INSTRUCTIONS FOR THE TASK: In the listing below, locate the line containing "夜幕下,Akari紙燈暖光漫" and the line containing "Das 13-geschossige Laubenganghochhaus". Output both of them and every line between, exactly as written, and nothing more.

DATA FOR THIS TASK:
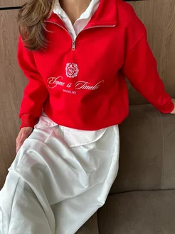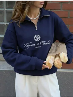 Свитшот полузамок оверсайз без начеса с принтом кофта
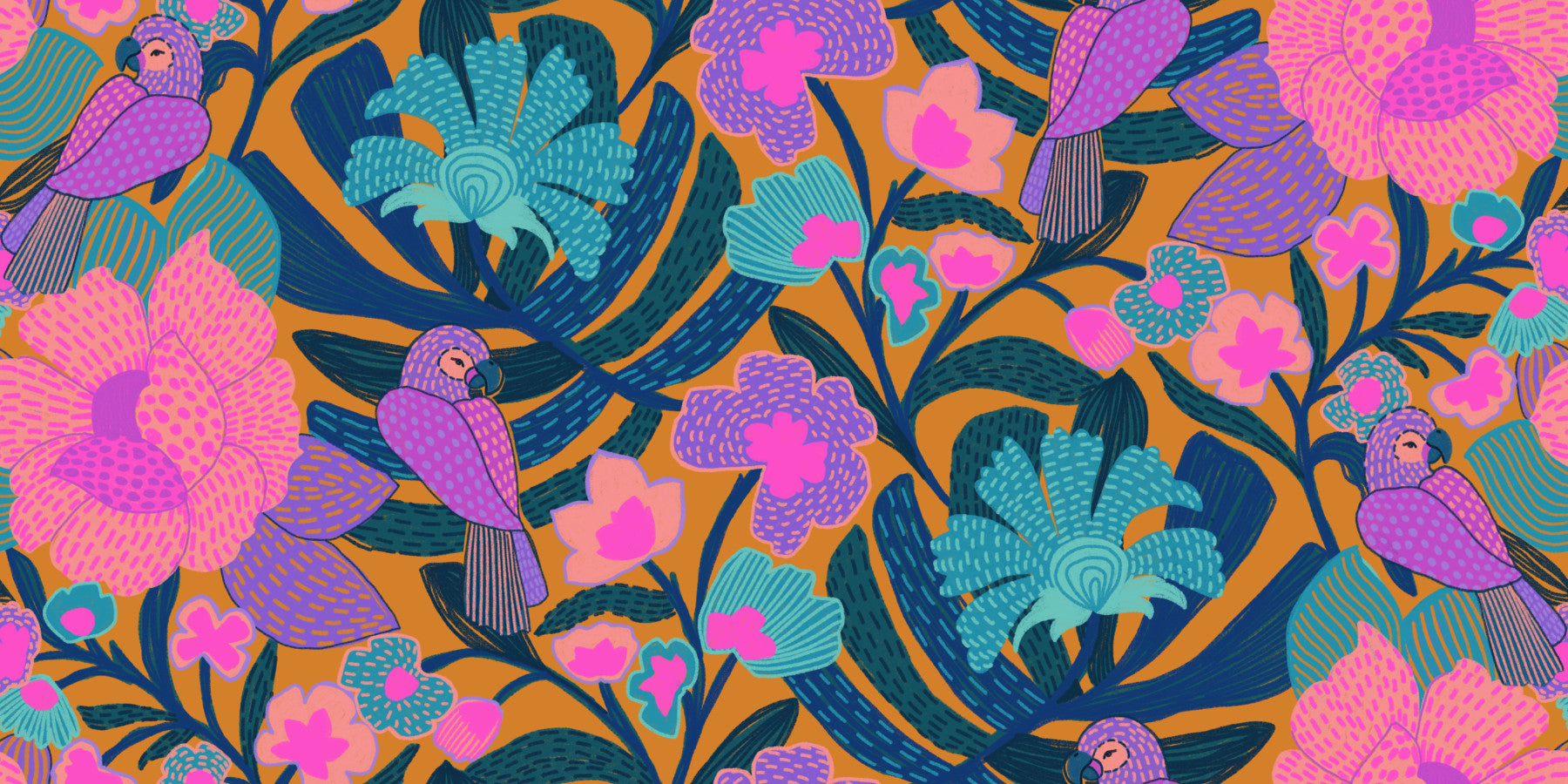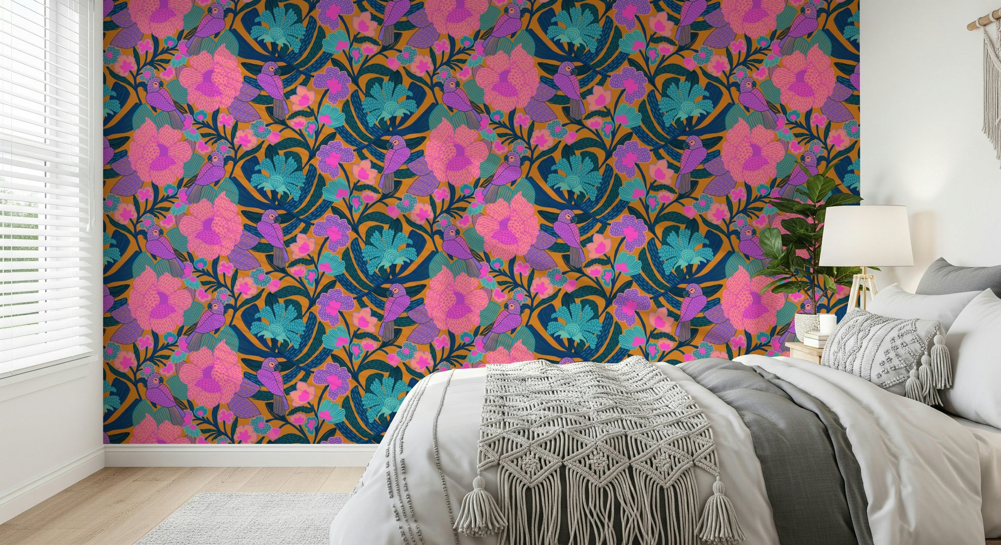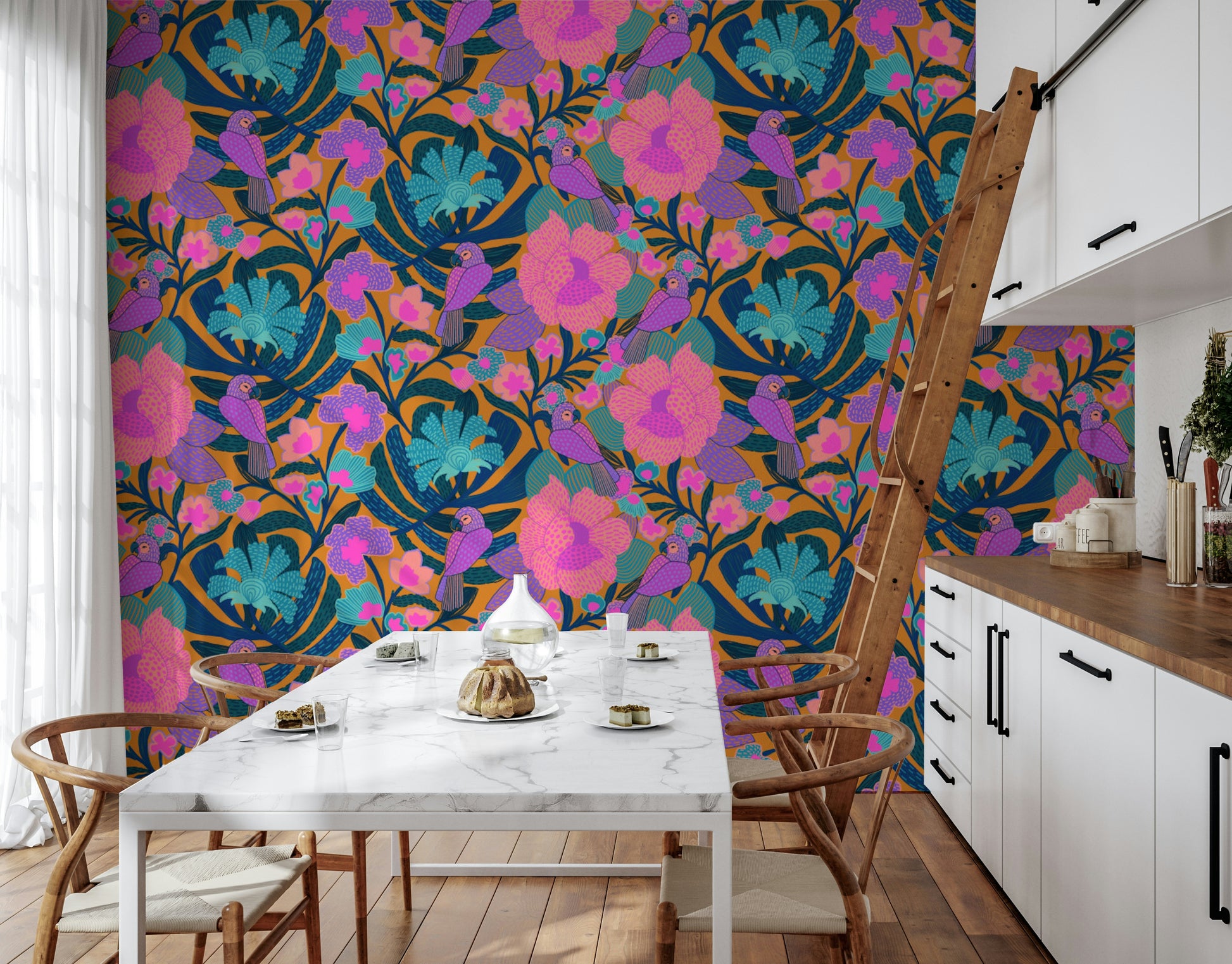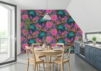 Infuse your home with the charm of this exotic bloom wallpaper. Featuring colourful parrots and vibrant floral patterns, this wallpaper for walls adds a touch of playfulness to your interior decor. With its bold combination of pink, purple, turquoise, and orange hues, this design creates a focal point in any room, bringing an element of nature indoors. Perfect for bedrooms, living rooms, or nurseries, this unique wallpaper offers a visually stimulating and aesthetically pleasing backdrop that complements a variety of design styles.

* * *

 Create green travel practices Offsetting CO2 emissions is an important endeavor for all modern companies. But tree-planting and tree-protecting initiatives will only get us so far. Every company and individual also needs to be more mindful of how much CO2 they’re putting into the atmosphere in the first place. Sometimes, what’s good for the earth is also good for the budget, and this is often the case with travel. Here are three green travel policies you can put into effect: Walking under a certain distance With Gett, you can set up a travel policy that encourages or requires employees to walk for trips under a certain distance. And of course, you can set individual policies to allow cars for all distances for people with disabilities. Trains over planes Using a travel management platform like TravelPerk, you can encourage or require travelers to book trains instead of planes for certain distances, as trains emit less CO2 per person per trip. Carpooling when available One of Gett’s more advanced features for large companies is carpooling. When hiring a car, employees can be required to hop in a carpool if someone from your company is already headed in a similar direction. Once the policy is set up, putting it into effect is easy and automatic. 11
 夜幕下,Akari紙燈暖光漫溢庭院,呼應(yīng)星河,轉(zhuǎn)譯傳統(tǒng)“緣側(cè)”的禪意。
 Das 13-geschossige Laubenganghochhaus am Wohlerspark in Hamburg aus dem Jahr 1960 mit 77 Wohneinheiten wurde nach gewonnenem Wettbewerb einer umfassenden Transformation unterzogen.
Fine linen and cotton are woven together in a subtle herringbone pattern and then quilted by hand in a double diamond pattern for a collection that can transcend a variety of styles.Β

==

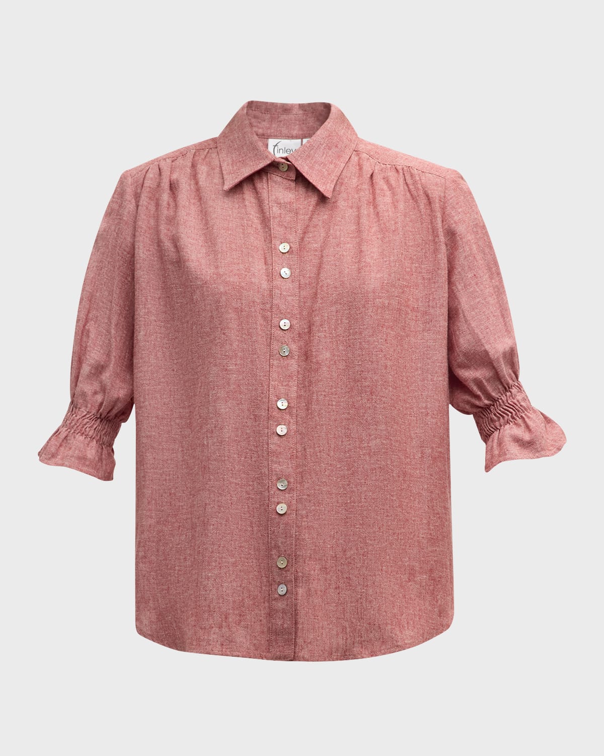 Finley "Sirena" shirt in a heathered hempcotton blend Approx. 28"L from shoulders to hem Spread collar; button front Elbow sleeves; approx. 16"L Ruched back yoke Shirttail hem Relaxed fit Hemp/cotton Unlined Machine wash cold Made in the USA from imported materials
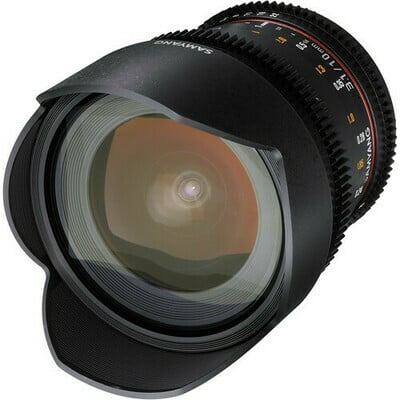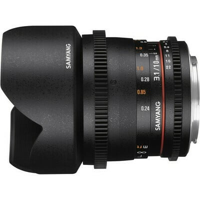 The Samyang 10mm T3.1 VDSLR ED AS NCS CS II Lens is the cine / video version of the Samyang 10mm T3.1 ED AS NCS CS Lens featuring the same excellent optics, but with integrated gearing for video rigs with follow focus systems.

WRITTEN ANSWER:
 夜幕下,Akari紙燈暖光漫溢庭院,呼應(yīng)星河,轉(zhuǎn)譯傳統(tǒng)“緣側(cè)”的禪意。
 Das 13-geschossige Laubenganghochhaus am Wohlerspark in Hamburg aus dem Jahr 1960 mit 77 Wohneinheiten wurde nach gewonnenem Wettbewerb einer umfassenden Transformation unterzogen.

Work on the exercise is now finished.